** Opening DATA FOR REVIEW block **
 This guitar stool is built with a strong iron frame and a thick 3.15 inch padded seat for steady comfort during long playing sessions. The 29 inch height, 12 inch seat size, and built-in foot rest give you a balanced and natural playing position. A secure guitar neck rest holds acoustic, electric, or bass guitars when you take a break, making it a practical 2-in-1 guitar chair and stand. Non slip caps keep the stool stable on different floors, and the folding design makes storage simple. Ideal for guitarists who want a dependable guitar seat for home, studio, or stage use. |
** Closing DATA FOR REVIEW block **
** Opening DATA FOR REVIEW block **
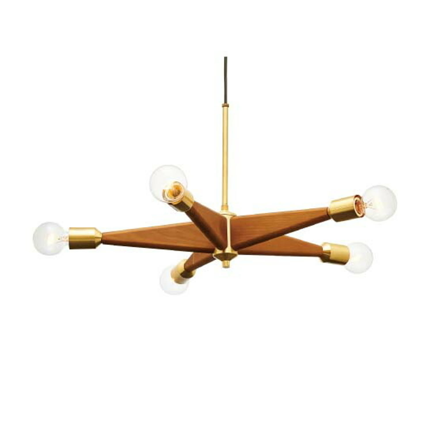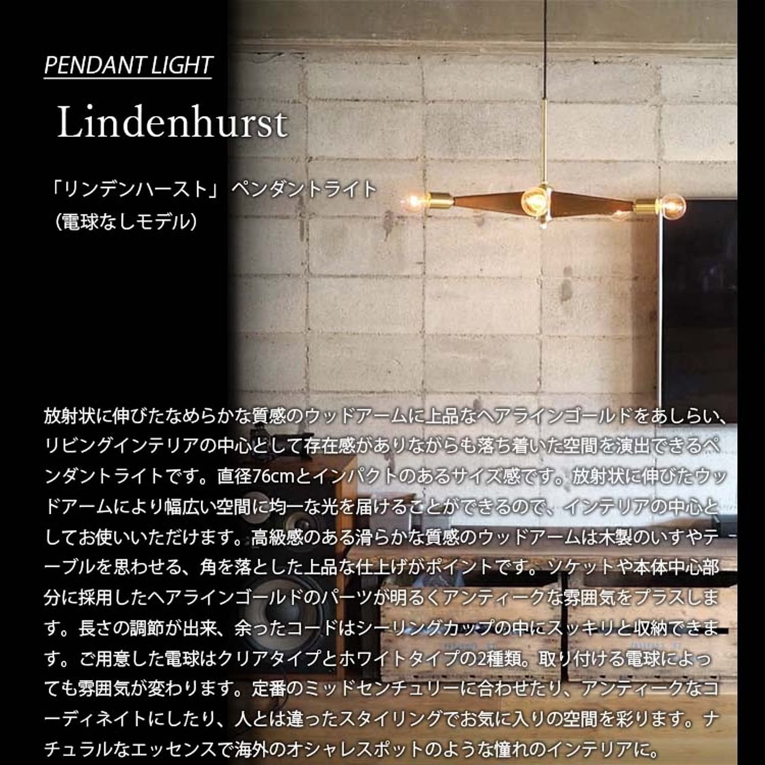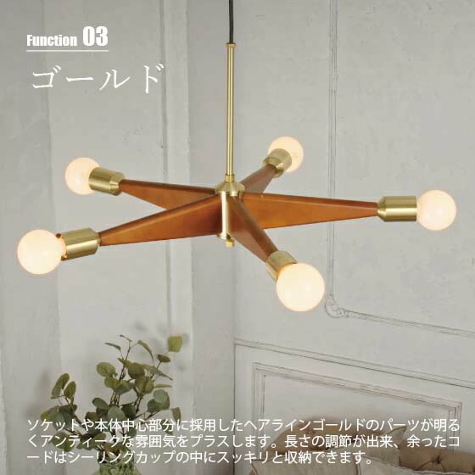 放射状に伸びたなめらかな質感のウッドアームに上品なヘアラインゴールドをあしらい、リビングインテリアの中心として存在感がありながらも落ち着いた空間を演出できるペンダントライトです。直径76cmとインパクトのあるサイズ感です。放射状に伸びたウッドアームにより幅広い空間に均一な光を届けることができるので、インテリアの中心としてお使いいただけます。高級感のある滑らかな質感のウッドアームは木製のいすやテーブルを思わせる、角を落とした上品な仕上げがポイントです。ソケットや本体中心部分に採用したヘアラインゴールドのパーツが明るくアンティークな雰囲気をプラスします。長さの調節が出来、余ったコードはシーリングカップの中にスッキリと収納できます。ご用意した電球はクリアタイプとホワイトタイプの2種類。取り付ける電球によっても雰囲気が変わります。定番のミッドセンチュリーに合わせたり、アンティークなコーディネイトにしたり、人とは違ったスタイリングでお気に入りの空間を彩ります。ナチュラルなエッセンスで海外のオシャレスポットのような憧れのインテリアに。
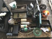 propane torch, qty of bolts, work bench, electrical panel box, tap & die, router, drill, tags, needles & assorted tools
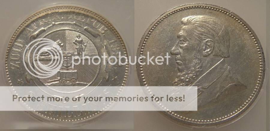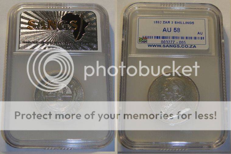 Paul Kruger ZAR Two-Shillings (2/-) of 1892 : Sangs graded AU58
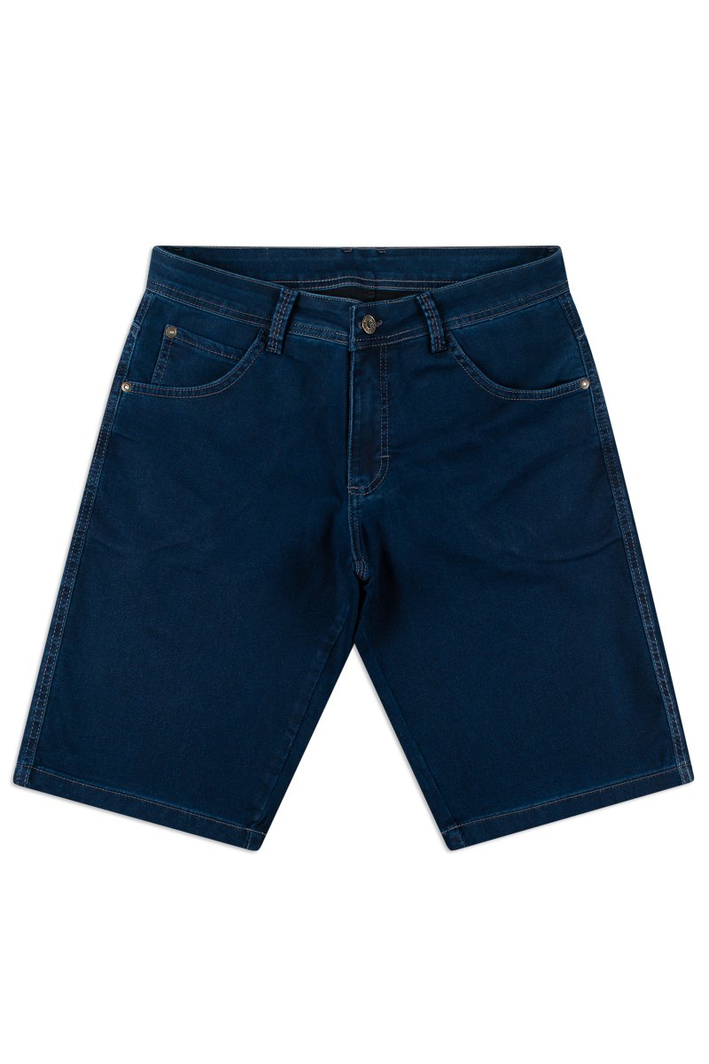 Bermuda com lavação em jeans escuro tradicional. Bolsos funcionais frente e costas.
** Closing DATA FOR REVIEW block **
** Opening DATA FOR REVIEW block **
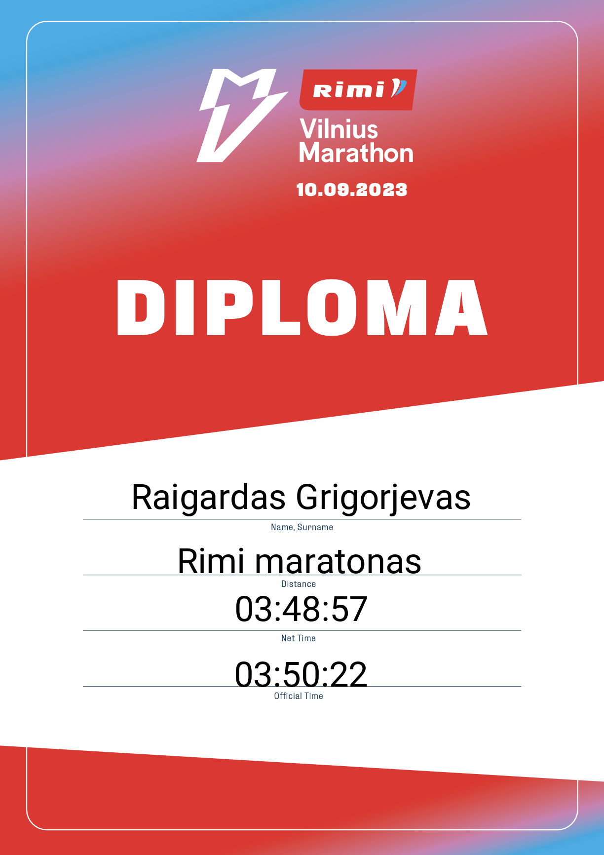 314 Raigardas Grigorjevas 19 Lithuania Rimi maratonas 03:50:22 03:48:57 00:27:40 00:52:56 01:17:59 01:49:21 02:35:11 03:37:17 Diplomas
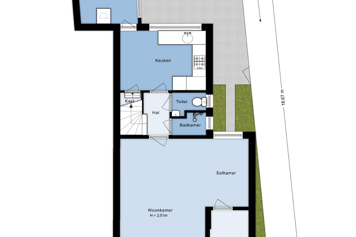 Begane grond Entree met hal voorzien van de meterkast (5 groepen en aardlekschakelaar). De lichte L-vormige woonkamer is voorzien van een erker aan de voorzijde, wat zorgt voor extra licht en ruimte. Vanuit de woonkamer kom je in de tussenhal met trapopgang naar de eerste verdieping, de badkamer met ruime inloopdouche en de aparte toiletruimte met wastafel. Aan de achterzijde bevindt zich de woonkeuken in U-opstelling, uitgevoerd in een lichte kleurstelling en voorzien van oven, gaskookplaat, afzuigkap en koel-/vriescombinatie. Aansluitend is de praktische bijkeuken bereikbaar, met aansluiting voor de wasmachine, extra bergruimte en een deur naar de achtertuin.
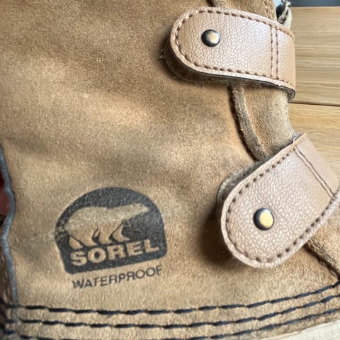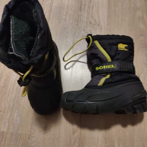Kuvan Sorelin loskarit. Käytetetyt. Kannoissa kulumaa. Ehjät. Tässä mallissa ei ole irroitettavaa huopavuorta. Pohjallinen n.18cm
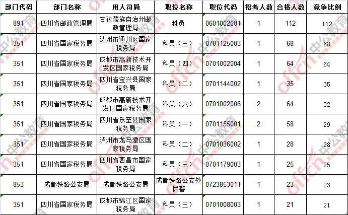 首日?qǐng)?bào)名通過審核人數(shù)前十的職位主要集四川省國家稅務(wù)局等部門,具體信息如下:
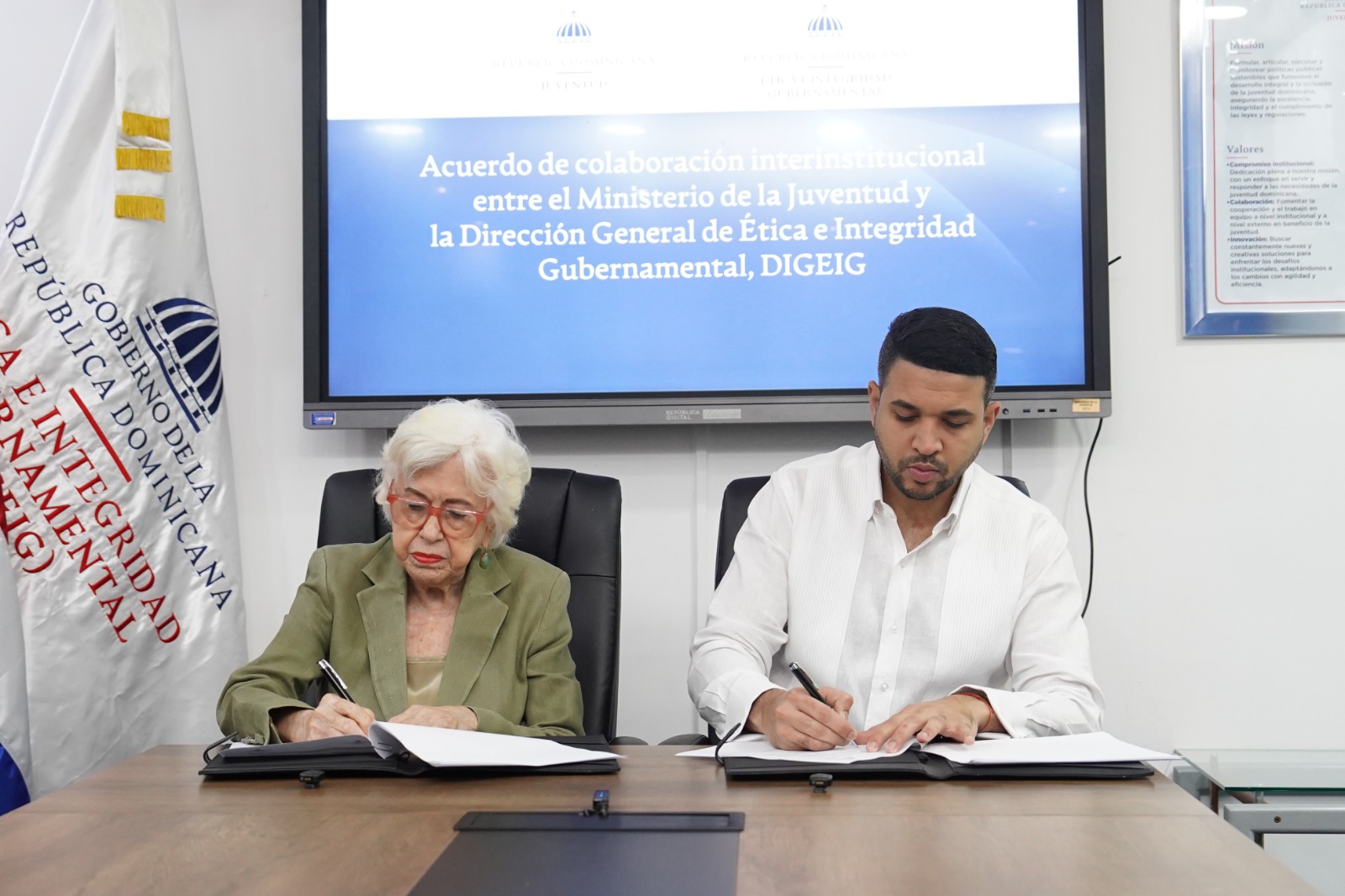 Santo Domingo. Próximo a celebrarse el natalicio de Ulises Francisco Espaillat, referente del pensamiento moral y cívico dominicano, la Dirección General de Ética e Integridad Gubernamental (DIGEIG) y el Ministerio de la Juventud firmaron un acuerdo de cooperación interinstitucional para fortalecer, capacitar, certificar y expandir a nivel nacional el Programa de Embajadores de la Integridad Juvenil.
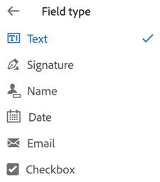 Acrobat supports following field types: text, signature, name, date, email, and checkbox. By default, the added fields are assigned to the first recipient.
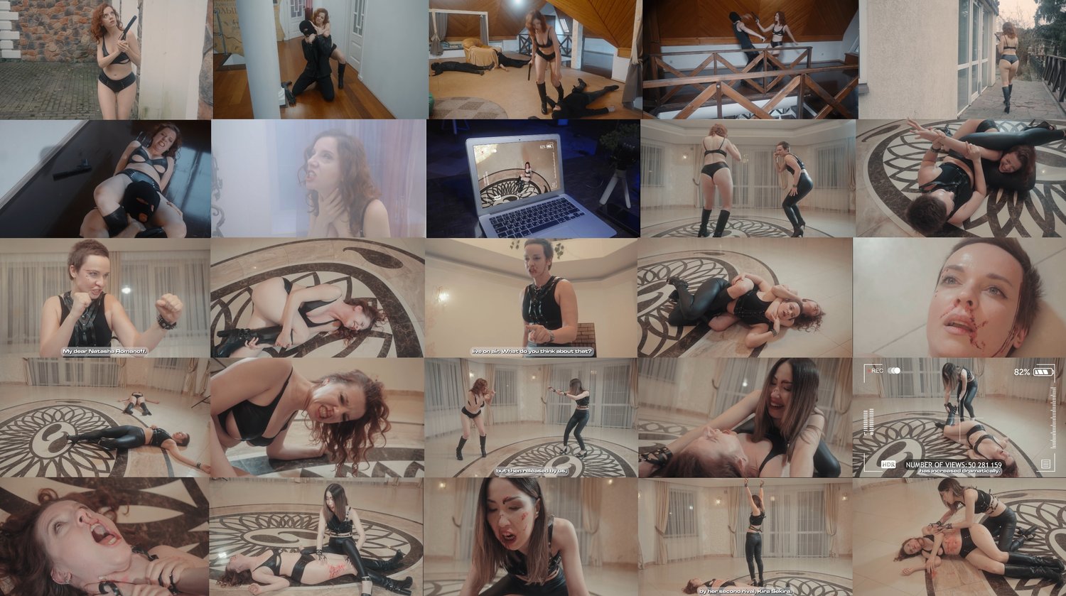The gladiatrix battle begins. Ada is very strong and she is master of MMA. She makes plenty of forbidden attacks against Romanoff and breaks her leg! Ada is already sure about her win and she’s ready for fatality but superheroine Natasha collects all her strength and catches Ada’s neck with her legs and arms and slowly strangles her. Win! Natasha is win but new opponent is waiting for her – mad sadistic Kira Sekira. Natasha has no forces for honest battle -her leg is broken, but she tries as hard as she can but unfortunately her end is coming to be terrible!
** Closing DATA FOR REVIEW block **
→ YOUR INSTRUCTIONS
For this exercise, return exactly the lines above from the line with "Paul Kruger ZAR" through the line with "Bermuda com lavação", both included. Do not copy the pictures.

→ RESULT OF THE TASK
 Paul Kruger ZAR Two-Shillings (2/-) of 1892 : Sangs graded AU58
 Bermuda com lavação em jeans escuro tradicional. Bolsos funcionais frente e costas.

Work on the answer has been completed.